Do you have monitoring configured on the cluster? If so, can you post some details about what that shows?

More generally, what spec of cluster have you deployed (VM SKUs, topology) and what is your use case? How much data are you indexing/searching?

Get License API:

{
  "license" : {
    "status" : "active",
    "uid" : "xxxxx",
    "type" : "trial",
    "issue_date" : "2019-02-13T22:38:00.303Z",
    "issue_date_in_millis" : 1550097480303,
    "expiry_date" : "2019-03-15T22:38:00.303Z",
    "expiry_date_in_millis" : 1552689480303,
    "max_nodes" : 1000,
    "issued_to" : "elk-dev",
    "issuer" : "elasticsearch",
    "start_date_in_millis" : -1
  }
}

I don't know, what do you mean by scroll api.

Monitoring:

Elasticsearch: Elasticsearch cluster status is yellow. Allocate missing replica shards.
Node: 1
Indices: 64
Memory: 721.8 MB / 957.7 MB
Total shards: 186
Unassigned Shards: 42
Documents: 31,280,901
Data: 14.6 GB

Kibana: Health is green

I am monitoring kubernetes cluster. Currently, I have metricbeat, filebeat and apm-server installed in it.

You should look at fixing these unassigned shards. It's likely because there are replica shards configured for indices but only one node, so Elasticsearch will not assign replica shards to the same node as that which has the primary shards.

  • What VM SKU are you running Elasticsearch on?

  • What typical load is the cluster under - what does GET /_nodes/stats return?

  • Do you have monitoring enabled on the cluster, and have those monitoring metrics indexed somewhere, perhaps on the cluster itself? If so, can you share a screenshot?

  • What disk topology has the node been deployed with?

Your single node only has a 1GB heap with 64 indices, 186 shards and 31.2 milliion documents spread across them. Seeing some monitoring metrics for the cluster would definitely help here, but on first glance, this seems very underpowered just for the number of indices and shards that you have.
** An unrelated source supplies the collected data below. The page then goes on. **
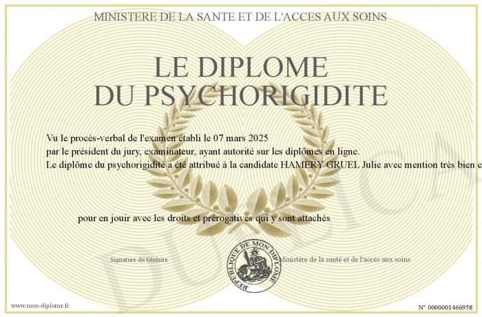 Envoyez par email votre Le diplôme du psychorigidité personalisé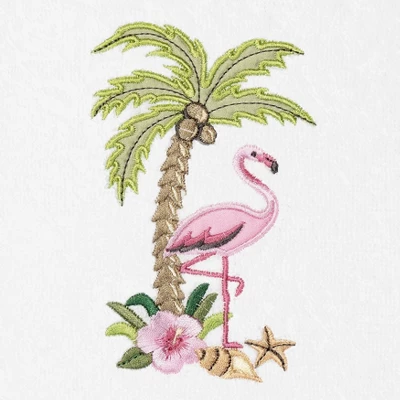 This set of decorative hand towels are perfect for gift-giving! Made of 100% Turkish cotton with plush looped terry cloth, they get softer with each washing. The flamingo and palm tree design is fun and whimsical, and just right for the tropics loving person. Each hand towel measures 16″ x 30″. Bright white with vivid embroidery.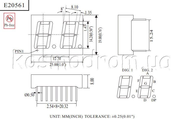 двухсимвольных семисегментных индикаторов с высотой символа 0,56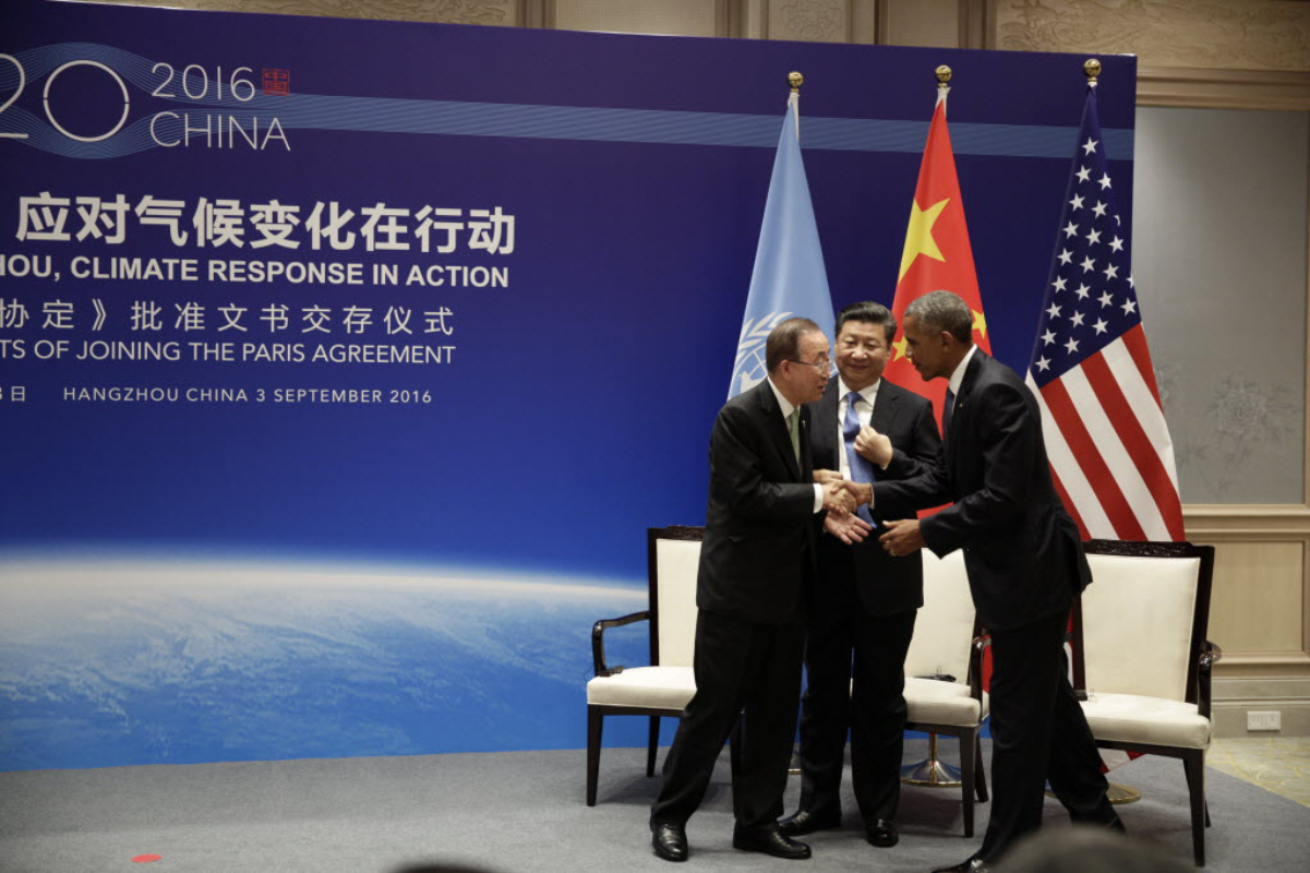 President Barack Obama hands the Paris Agreement documents to United Nations Secretary-General Ban Ki-moon during a climate event in China on September 3, 2016 (Source: National Archives)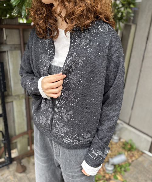 【2025AW】journal standard luxeウール・ナイロン・アクリル混の、軽くソフトな風合いの天竺編みです。ビジューが付いたクルーネックカーディガン。熱接着加工で付けた、二種類のビジューがスタイリングのアクセントに。デニムやカーゴパンツなど、カジュアルなボトムと相性抜群です。前ホック留め、身頃のみ裏地付きです。グレー・グレーA 2色展開。 FREEサイズ※取り扱いについては、商品についている品質表示でご確認ください。※照明の関係により、実際よりも色味が違って見える場合があります。またパソコン・スマートフォンなどの環境により、若干製品と画像のカラーが異なる場合もございます。※商品の色味は、商品アップ画像をご参照ください。モデルサイズ:身長:162cm 着用サイズ:フリー本体:手洗い可能
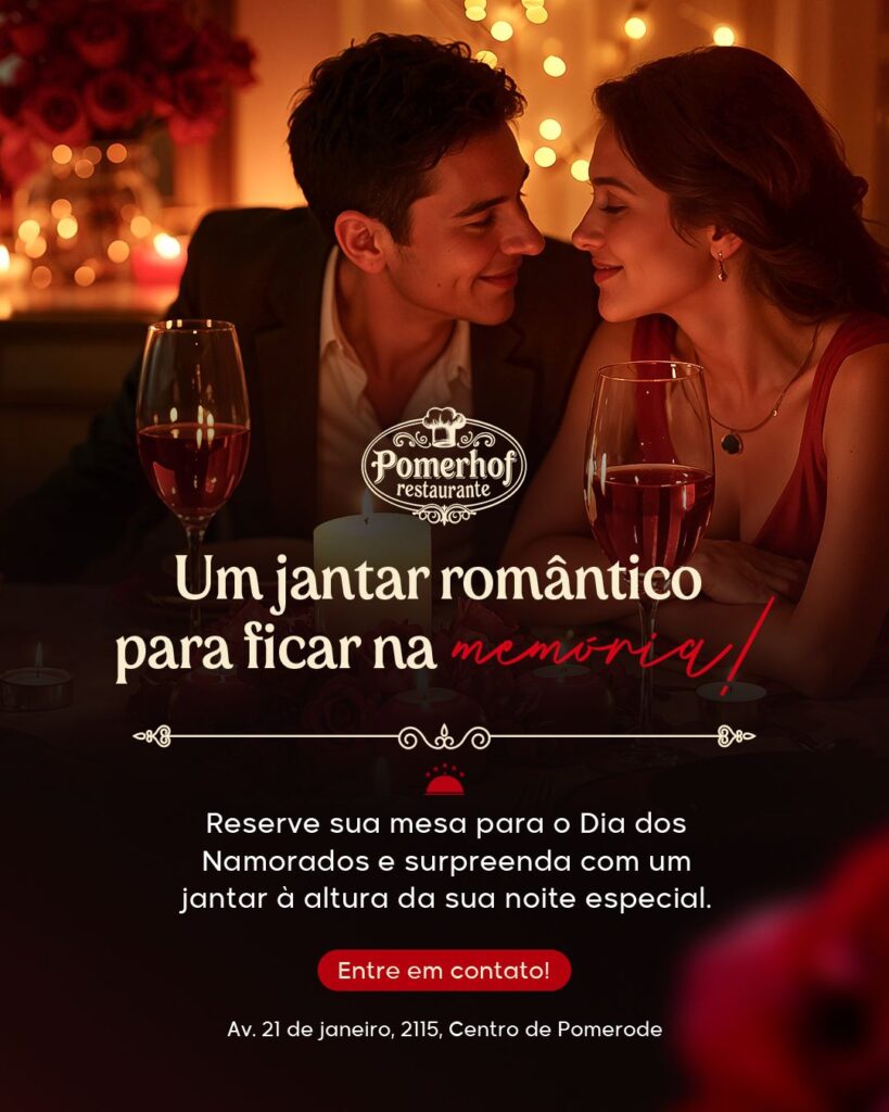 O Pomerhof Restaurante divulgou o cardápio especial para a noite do Dia dos Namorados. O menu inclui entrada, prato principal com opções variadas e sobremesa compartilhada.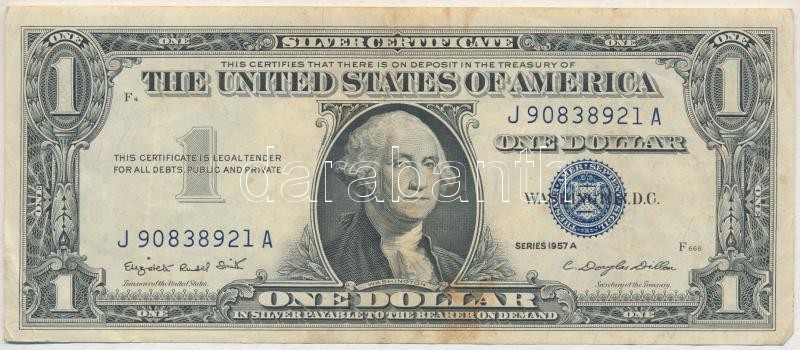 Amerikai Egyesült Államok 1961-1962. (1957A) 1$ "Silver Certificate - kisméretű", kék pecsét, "Elizabeth Rudel Smith - C. Douglas Dillon" T:III fo.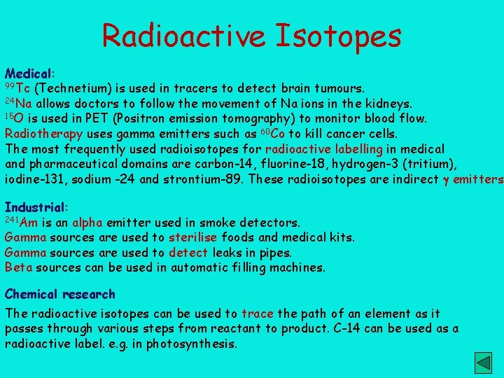 Radioactive Isotopes Medical: 99 Tc (Technetium) is used in tracers to detect brain tumours. 24 Na allows doctors to follow the movement of Na ions in the kidneys. 15 O is used in PET (Positron emission tomography) to monitor blood flow. Radiotherapy uses gamma emitters such as 60 Co to kill cancer cells. The most frequently used radioisotopes for radioactive labelling in medical and pharmaceutical domains are carbon-14, fluorine-18, hydrogen-3 (tritium), iodine-131, sodium -24 and strontium-89. These radioisotopes are indirect emitters, Industrial: 241 Am is an alpha emitter used in smoke detectors. Gamma sources are used to sterilise foods and medical kits. Gamma sources are used to detect leaks in pipes. Beta sources can be used in automatic filling machines. Chemical research The radioactive isotopes can be used to trace the path of an element as it passes through various steps from reactant to product. C-14 can be used as a radioactive label. e. g. in photosynthesis.
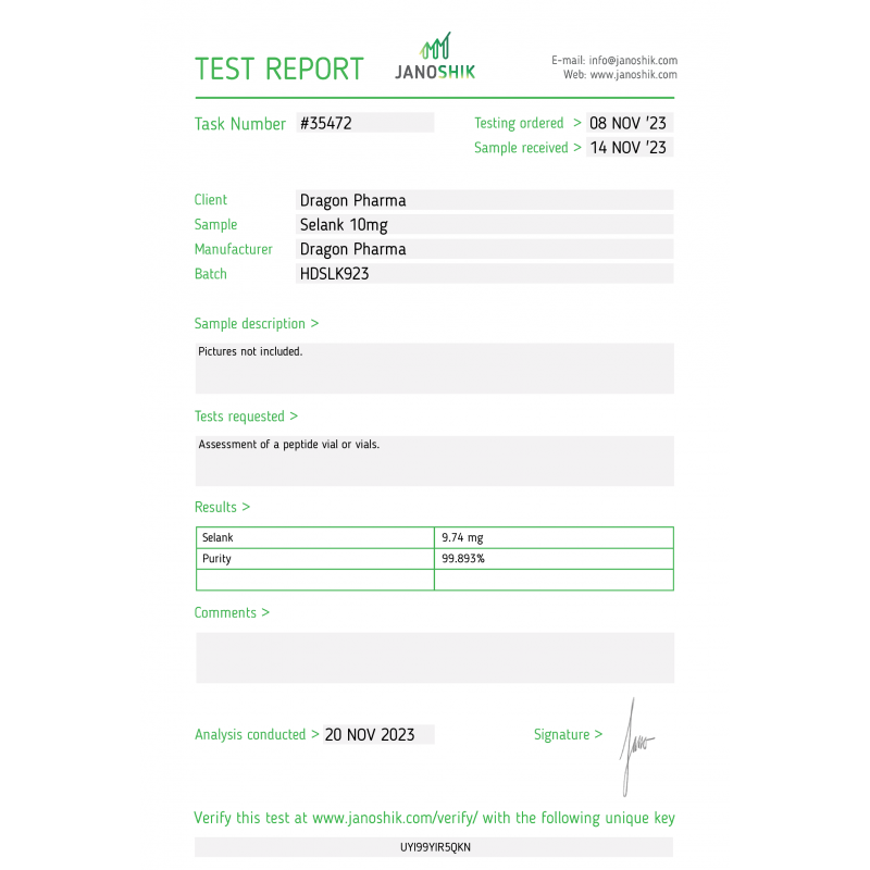 Manufacturer: Dragon Pharma Substance: Selank Package: 1 vial (10 mg) (powder form)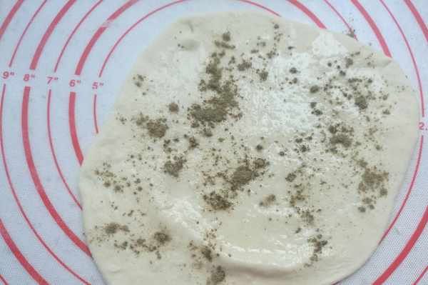 搟成片,撒上適量鹽,少許油刷勻,撒一層花椒粉。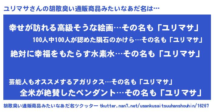 | ヘコむあだ名 | 『ユリマサ(遠い目)』『牛乳』 |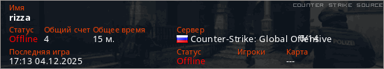 Играет на Counter Strike Source сервере. Страна: РоссияПервый раз замечен 02:41 03.12.2025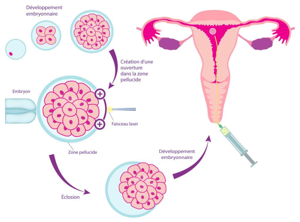 L’éclosion assistée est une procédure qui consiste à faire un trou dans la coquille de l’embryon en développement pour faciliter le processus naturel d’éclosion. Cette opération est généralement effectuée le jour 3 suivant la collecte des ovocytes, généralement à l’aide d’un faisceau laser très précis. Dans les cas où le transfert d’embryon est effectué au stade blastocyste, l’éclosion assistée sera effectuée le jour 3, suivie d’une culture prolongée durant laquelle l'embryon est continuellement surveillé pour s'assurer d'un développement correct. Les embryons peuvent également subir l’éclosion assistée lorsqu’ils sont décongelés pour un transfert d’embryon congelé si l’éclosion assistée n’a pas été effectuée avant la congélation.

The amount of heap used is around 75% of heap allocated, meaning the node is likely experiencing memory pressure and frequent garbage collection. I would recommend using a more powerful VM SKU with more RAM to allow more heap to be allocated to Elasticsearch. In addition, if the single VM running the process goes down, the cluster will be inoperable; you may want to consider running a minimum 3 master-eligible node cluster to provide high availability and avoid split-brain scenarios. With a sufficient number of replica shards for the number of primary shards for each index, if a node were to go down, the cluster would continue to operate.

This topic was automatically closed 28 days after the last reply. New replies are no longer allowed.